• **TASK PROMPT**: Return the lines of the material below exactly, beginning with the line that has "14K White Gold" in it and finishing with the line that has "Tooba samosa dip" in it. Leave all pictures aside.

+--

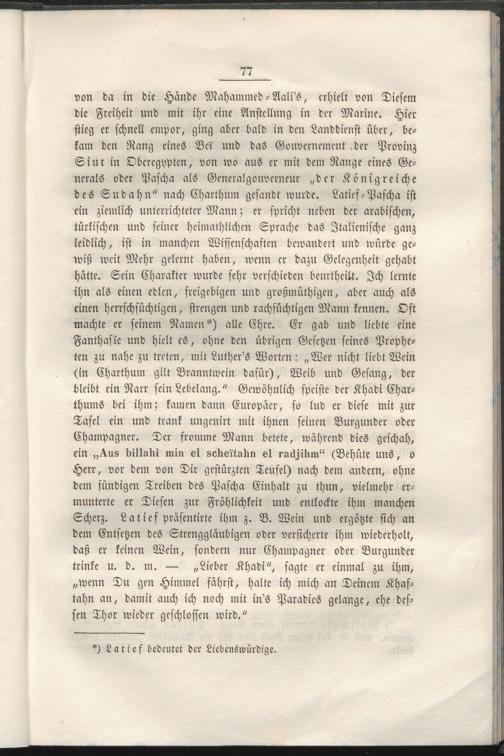 von da in die Hände Mahammed-Aali's, erhielt von Diesem die Freiheit und mit ihr eine Anstellung in der Marine. Hier stieg er schnell empor, ging aber bald in den Landdienst über, bekam den Rang eines Bei und das Gouvernement.der Provinz Eint in Obcrcgyptcn, von wo aus er mit dem Range eines Generals oder Pascha als Gencralgouvcrncur „der Königreiche des Sudahn" nach Charthum gesandt wurde. Laticf-Pascha ist ein ziemlich unterrichteter Mann; er spricht neben der arabischen, türkischen und seiner heimathlichen Sprache das Italienische ganz leiblich, ist in manchen Wissenschaften bewandert und würde gewiß weit Mehr gelernt haben, wenn er dazu Gelegenheit gehabt hätte. Sein Charakter wurde sehr verschieden beurthcibt. Ich lernte ihn als einen edlen, freigebigen und großmüthigen, aber auch als einen herrschsüchtigen, strengen und rachsüchtigen Mann kennen. Oft machte er seinem Namen ^) alle Ehre. Er gab und liebte eine Fanthasie und hielt es, ohne den übrigen Gesetzen seines Propheten zu nahe zu treten, mit Luther's Worten: „Wer nicht liebt Wein (in Charthum gilt Branntwein dafür), Weib und Gesang, der bleibt ein Narr sein Lebelang." Gewöhnlich speiste der Khadi Char- thums bei ihm; kamen dann Europäer, so lud er diese mit zur Tafel ein und trank ungenirt mit ihnen seinen Burgunder oder Champagner. Der fromme Mann betete, während dies geschah, ein „H.us billsllr min ei 8eli6!takn ei rsch'ikm" (Behüte uns, o Herr, vor dem von Dir gestürzten Teufel) nach dem andern, ohne dem sündigen Treiben des Pascha Einhalt zu thun, vielmehr ermunterte er Diesen zur Fröhlichkeit und entlockte ihm manchen Scherz. Latief präscntirtc ihm z. B. Wein und ergötzte sich an dem Entsetzen des Strenggläubigen oder versicherte ihm wiederholt, daß er keinen Wein, sondern nur Champagner oder Burgunder trinke u. d. m. — „Lieber Khadi", sagte er einmal zu ihm, „wenn Du gen Himmel fährst, halte ich mich an Deinem Khaf- tahn an, damit auch ich noch mit in's Paradies gelange, ehe dessen Thor wieder geschlossen wird."
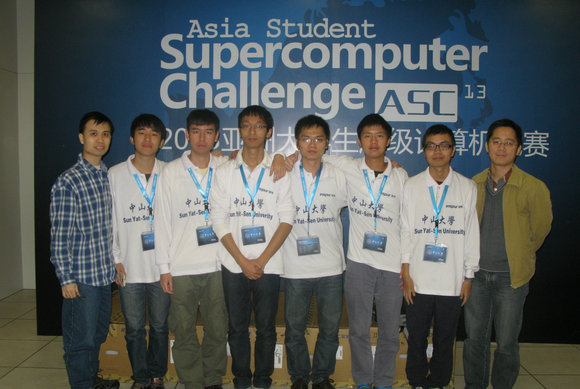 我校參賽代表隊(duì)由數(shù)學(xué)與計(jì)算科學(xué)學(xué)院許躍生教授科研團(tuán)隊(duì)和網(wǎng)絡(luò)與信息技術(shù)中心聯(lián)合組建,由張永東、關(guān)偉豪、范筑軍、葉緯材(博士后)等老師指導(dǎo)。參賽成員(學(xué)生)有數(shù)計(jì)學(xué)院植美鵬、梁德澎、張良福,軟件學(xué)院的陳周榮、陳照,信科院的陳炳煒。參賽隊(duì)從今年2月中旬開始準(zhǔn)備本次競賽,借助校內(nèi)的超算平臺(tái)以及許躍生教授帶領(lǐng)的“計(jì)算科學(xué)科研創(chuàng)新團(tuán)隊(duì)”和廣東省計(jì)算科學(xué)重點(diǎn)實(shí)驗(yàn)室所搭建的“南方一號(hào)”GPU集群進(jìn)行前期的準(zhǔn)備訓(xùn)練和參數(shù)試驗(yàn)。許躍生教授在代表隊(duì)赴申參賽前,作了賽前動(dòng)員和指導(dǎo),鼓勵(lì)同學(xué)們?cè)谫惓龊贸煽兊耐瑫r(shí),學(xué)習(xí)友隊(duì)的優(yōu)點(diǎn),提高中大的超算水平。代表隊(duì)同學(xué)們刻苦努力不負(fù)重托,通過初賽,最終挺進(jìn)決賽并獲得亞洲區(qū)第四、中國大陸區(qū)第三的佳績,比去年獲得“首屆中國大學(xué)生超級(jí)計(jì)算機(jī)競賽”第四名的成績前進(jìn)一名。
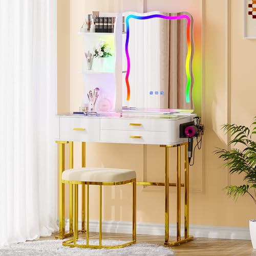 Coiffeuse miroir LED avec étagères et tiroirs Organiseur de...
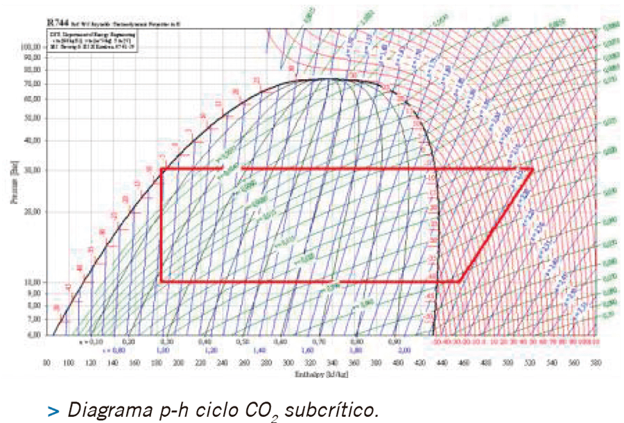 Por otro lado, destacar que la presión de diseño del sistema subcrítico a 55 bar nos permite utilizar componentes comerciales disponibles en el mercado y técnicas constructivas tradicionales, de fácil instalación y mantenimiento y de menor coste y mayor fiabilidad que los sistemas de CO2 transcrítico a 120 bar.
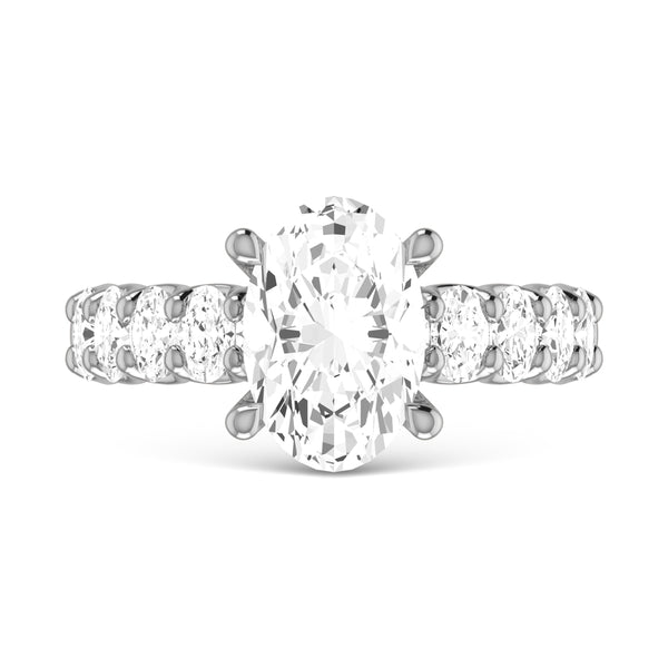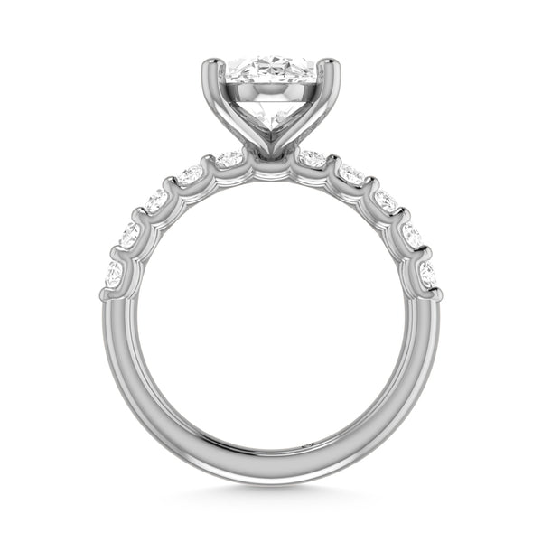 14K White Gold Diamond 1 Ct.Tw. Oval Shape Half way Engagement Ring (Center 2 ctw)
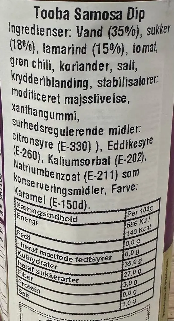 Tooba samosa dip sauce har en tyk konsistens og en kompleks smag. Den er krydret og har en blanding af søde, sure og krydrede smagsnuancer.
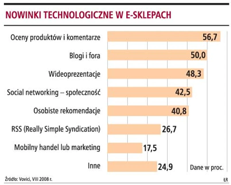 Konsumenci doceniają handlowców, którzy umożliwiają zapoznanie się z towarem. W ich e-sklepach najchętniej wydają pieniądze. Potwierdzają to badania globalnej firmy Vovici, która zajmuje się doradztwem w zakresie zarządzania społecznościami w sieci. Firma przebadała ponad 4 tys. właścicieli i kierowników sklepów internetowych w Unii Europejskiej i w USA. Ponad połowa z nich (57 proc.) przyznała, że ich sklepy, dzięki wykorzystaniu nowinek technicznych oraz najpopularniejszych narzędzi Web 2.0, znacznie (nawet o 50 proc.) zwiększają swoją sprzedaż.
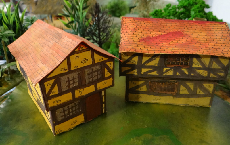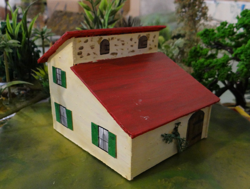 Parenthèse : Je viens de retrouver dans une boite quelques maisons en papier ou en carton que nous avions fabriquées au tout début du club soit début 80. A cette époque les décors étaient rares. Je me souviens de la marque Gallia qui a produit en premier de petites maisons creuses en résine cassante (du petit 15) puis courant 80 du 25 et du 1/300 éme et des modèles coulés dans la masse.
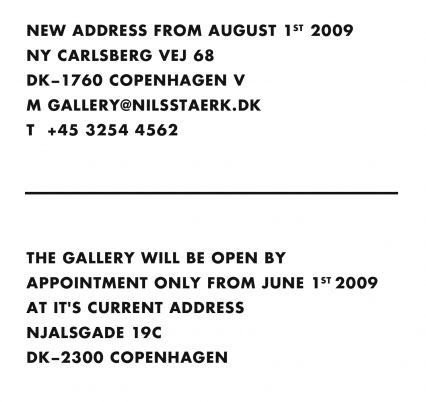 | | | NILS STAERK CONTEMPORARY ART: SUMMER NEWS 2009 - 1 June 2009 to 1 Sept 2009 Current Exhibition | 1 June 2009 to 1 Sept 2009 open: tue-fri: 12-17 sat: 12-15 | Nils St�rk Contemporary Art Njalsgade 19C 2300 Copenhagen Denmark Europe p: +45 3254 4562 m: f: w: www.nilsstaerk.dk

+--

• **ANSWER FOR THIS EXERCISE**:
 14K White Gold Diamond 1 Ct.Tw. Oval Shape Half way Engagement Ring (Center 2 ctw)
 Tooba samosa dip sauce har en tyk konsistens og en kompleks smag. Den er krydret og har en blanding af søde, sure og krydrede smagsnuancer.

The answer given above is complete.